One of the consequences of the 2008 financial crisis is that banks have to handle an ever-increasing reporting burden. While supervisors acknowledge these impositions and aim to reduce them, new reporting obligations loom on the horizon as supervisory focus shifts towards tackling climate change risks and associated sustainability reporting. Alongside these pan-European initiatives, local regulators such as the Dutch Authority for Financial Markets intend to increase their data requests to participants in the financial markets to upgrade their ‘data-driven supervision’ capabilities to protect consumers. Simultaneously, the quest for a competitive advantage and cutting-edge technological trends exerts increasing pressure on traditional banks to rethink their business models in order to become future-proof, data-driven organizations.
Before we address the issue of what banks could do to confront these challenges, it is useful at this point to take a closer look at three key drivers that clearly illustrate the need for banks to transition towards a truly data-driven business model.
1. Compliance and reporting
Since the financial crisis, banks have been subjected to a multitude of new reporting requirements to provide regulatory authorities with the information needed to carry out their supervisory tasks. This reporting includes statistical data that is becoming increasingly granular and prudential and resolution data. Supervisory authorities apply the principle of proportionality to these requirements, leading to large institutions reporting over 10 times the number of datapoints compared to more modest peers. Nevertheless, these smaller institutions report that EBA supervisory reporting alone already accounts for almost 40% of their total compliance costs. According to a recent Cost of Compliance study, this percentage translates into an exorbitant 20.4 billion euro in compliance costs across all EU institutions . The main drivers for these costs are:
- Complexity of the requirements;
- The amount of data reported;
- Internal data extraction and calculations;
- Stability and uniformity of the EBA supervisory framework and definitions.

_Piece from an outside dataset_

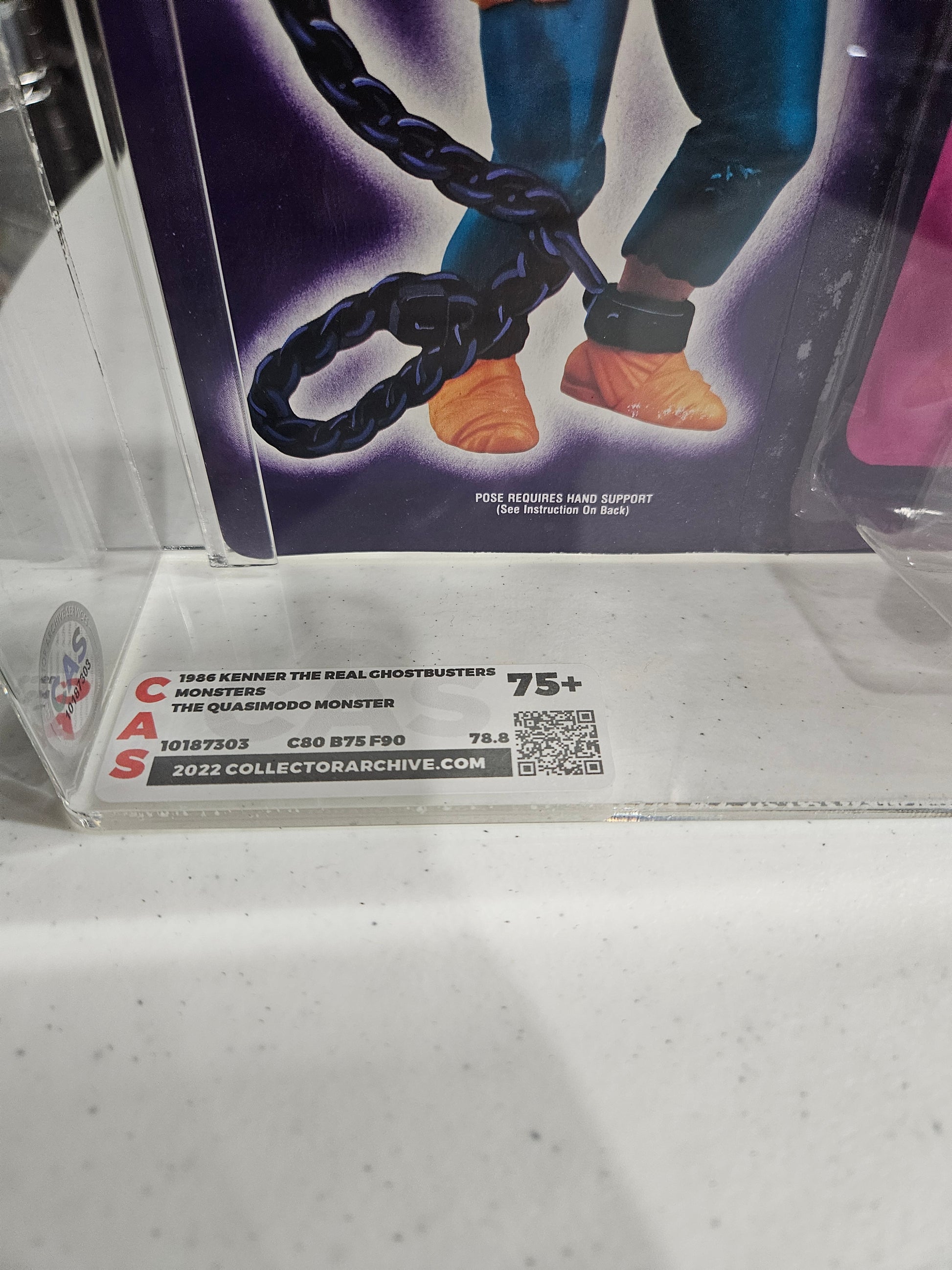 A hunchbacked haunt with grading grit! 🧟♂️ The 1986 Kenner The Real Ghostbusters Quasimodo Monster, graded CAS 75+ with subgrades C80/B75/F90, is a mid-tier archival example from the Monsters sub-line—bringing classic horror tropes into Kenner’s ghost-chasing universe with exaggerated sculpting and pop-up fright features.

Approximately 78% of financial institutions regard the rapid change in reporting requirements and ad-hoc, non-standardized reporting requests as significantly impacting compliance costs. Moreover, supervisory authorities increasingly focus on banks’ internal IT and data infrastructure and governance in order to enhance data control and improve data quality. A good example of this is the Basel Committee on Banking Supervision Principles for effective risk data aggregation (BCBS 239).
These regulatory pressures and compliance costs are swaying supervisors towards increasing standardization and harmonization of reporting requirements and data submissions. This could potentially reduce costs by as much as 24% , providing institutions with an unparalleled opportunity to reassess their overall reporting and data strategy, including their current IT and data infrastructure.